NO OBJECTION SUBECT TO PROPOSED CONDITIONS

Members noted that the general context of this proposal is that the Thakeham Tiles site is specifically identified in the Thakeham Neighbourhood Plan as developable for further housing (TNP Policy 2), and is the only site so identified.  The current proposal for 90 units follows extended pre-app engagement with HDC and an informal community consultation process in spring 2018, when 105 units had been indicated.  The site location in the eastern suburbs of Storrington is considered relatively ‘sustainable’.  Of the three key criteria in TNP Policy 2, the proposal appears broadly to meet those relating to protecting the footpath route, and retaining woodland around the edge of the site.  The key issue is whether the proposal gels with the third TNP Policy 2 criterion that it should deliver ‘an appropriate number and type/size of dwellings which reflects the character and housing density of the local residential area’.   In practice, assessing the answer to this has to involve considering and balancing the aspect of local residential density/character with ensuring that the proposal is viable in terms of enabling the business to move to a more appropriate location in the area (as the whole logic of TNP Policy 2 requires), while also bearing in mind the realities of the current housing planning framework.

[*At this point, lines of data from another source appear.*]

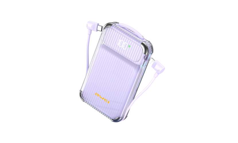 Powerbank Awei μεγάλης χωρητικότητας 10.000mah, με λειτουργία γρήγορης φόρτισης στα 22.5W και σε πρακτικό μέγεθος για εύκολη μεταφορά παντού. Διαθέτει ενσωματωμένα 2 καλώδια φόρτισης Type C & Lightning για να μην χρειάζεται να μεταφέρεται ξεχωριστά το καλώδιό σας.
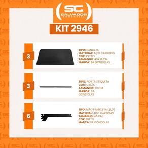 Kit 3 Bandejas Prateleiras 40x91 P/gôndola New Plus Preta Porta Etiquetas Cinza - SA Gôndolas
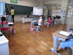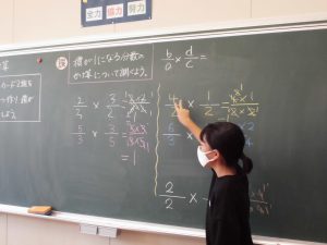 6年生は、算数の「分数のかけ算」。考え方を、黒板で一生懸命説明する姿がありました。

In terms of housing density and character, members’ attention was drawn to the low densities and generous plots of the immediately adjacent areas of Heath Common (east of site) and Hillside Walk (west of site), and the point that drawing a line from those levels of density would imply something close to the ‘approximately 50′ units mentioned in TNP Policy 2 (which would equate to ~11 units/Ha).  There is clearly a non-trivial gap between the low level of density of immediately adjacent areas and the 90 units (19 units/Ha) of this application.  However, the following points were noted as being in tension with Council seeking to insist that this site should match the low densities of immediately adjacent areas:

a) The ‘approximately 50’ figure in TNP Policy 2 occurs in a subsidiary paragraph and is not itself a policy commitment but an indicative number that had been embedded many years previously in the HDC SHELAA document, for which neither HDC nor the TNP site assessment process had provided any specific rationale referencing local housing density. Also, the TNP External Examiner’s report of 2016 specifically cast doubt on the status of this figure: para 3.43 accepts the likely reality that ‘..the eventual number of dwellings proposed may be significantly higher than 50.’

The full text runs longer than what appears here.